» **The task**
In the entries below, find the line with "Independent SS4500 Midweight Pullover Hoodie" and the line with "Site Section C 1 : 200"; reproduce those two lines and all lines between them exactly, without pictures.

» **Extracted data**

*** Begin section ***

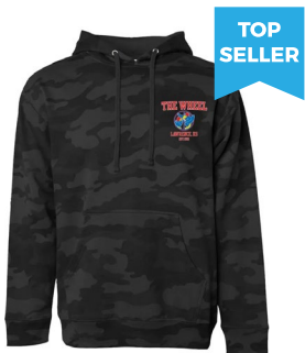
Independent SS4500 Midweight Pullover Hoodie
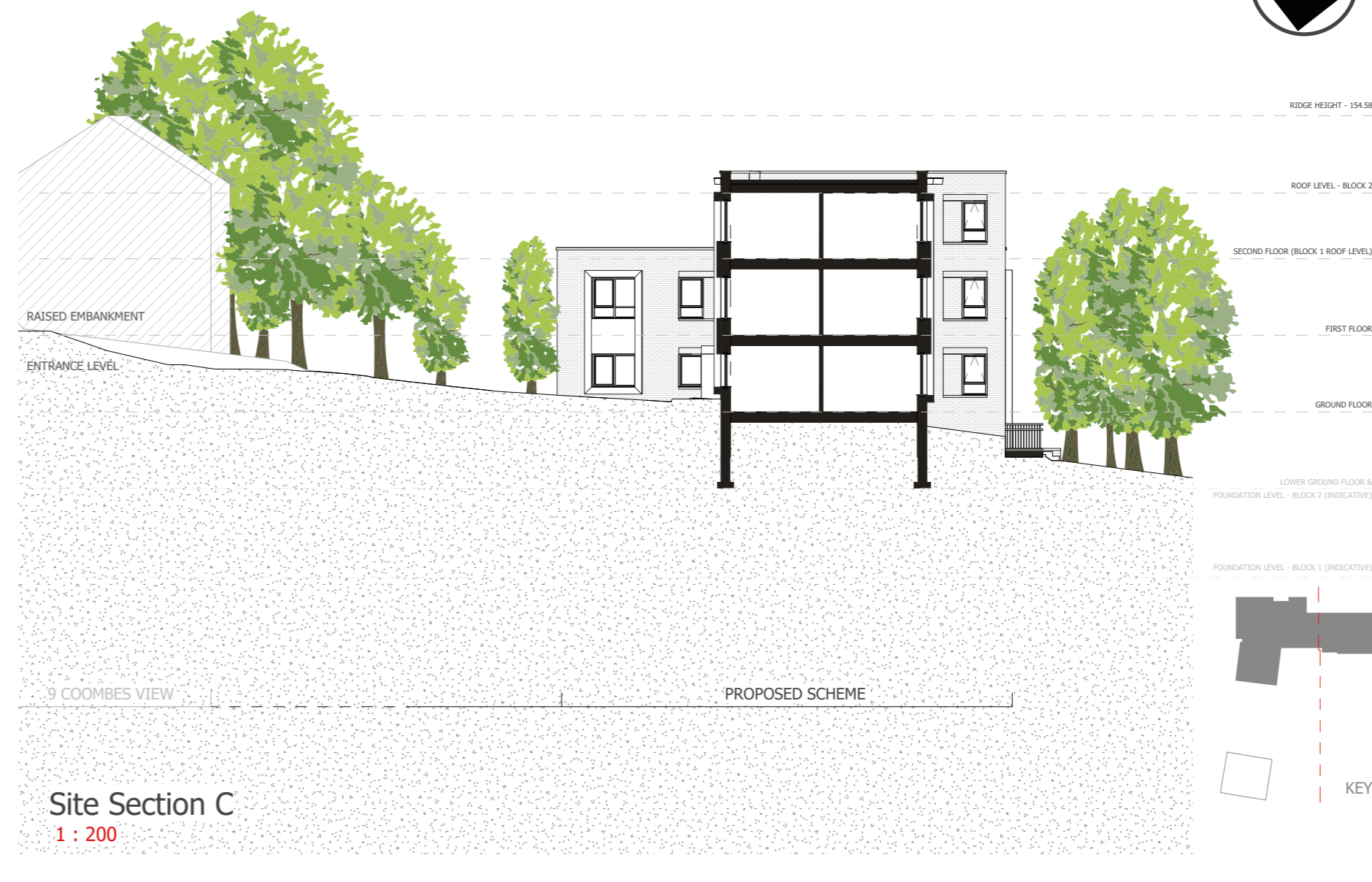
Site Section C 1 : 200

*** End section ***
*** Begin section ***

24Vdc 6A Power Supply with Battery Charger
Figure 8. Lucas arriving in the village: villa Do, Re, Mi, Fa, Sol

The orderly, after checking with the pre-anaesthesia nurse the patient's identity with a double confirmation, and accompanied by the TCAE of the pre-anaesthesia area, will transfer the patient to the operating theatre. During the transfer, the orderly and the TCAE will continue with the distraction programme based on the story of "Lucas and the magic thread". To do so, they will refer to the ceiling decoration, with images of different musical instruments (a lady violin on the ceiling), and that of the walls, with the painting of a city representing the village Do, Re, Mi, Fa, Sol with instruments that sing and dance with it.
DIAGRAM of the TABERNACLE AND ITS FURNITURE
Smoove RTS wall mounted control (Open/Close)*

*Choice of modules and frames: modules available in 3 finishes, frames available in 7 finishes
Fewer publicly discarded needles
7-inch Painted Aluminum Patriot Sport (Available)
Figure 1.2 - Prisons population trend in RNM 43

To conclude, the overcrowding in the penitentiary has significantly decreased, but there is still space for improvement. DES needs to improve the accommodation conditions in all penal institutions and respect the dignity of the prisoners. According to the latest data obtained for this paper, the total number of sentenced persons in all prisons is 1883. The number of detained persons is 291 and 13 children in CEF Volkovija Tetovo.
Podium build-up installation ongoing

*** End section ***

» **Written response**
Independent SS4500 Midweight Pullover Hoodie
Site Section C 1 : 200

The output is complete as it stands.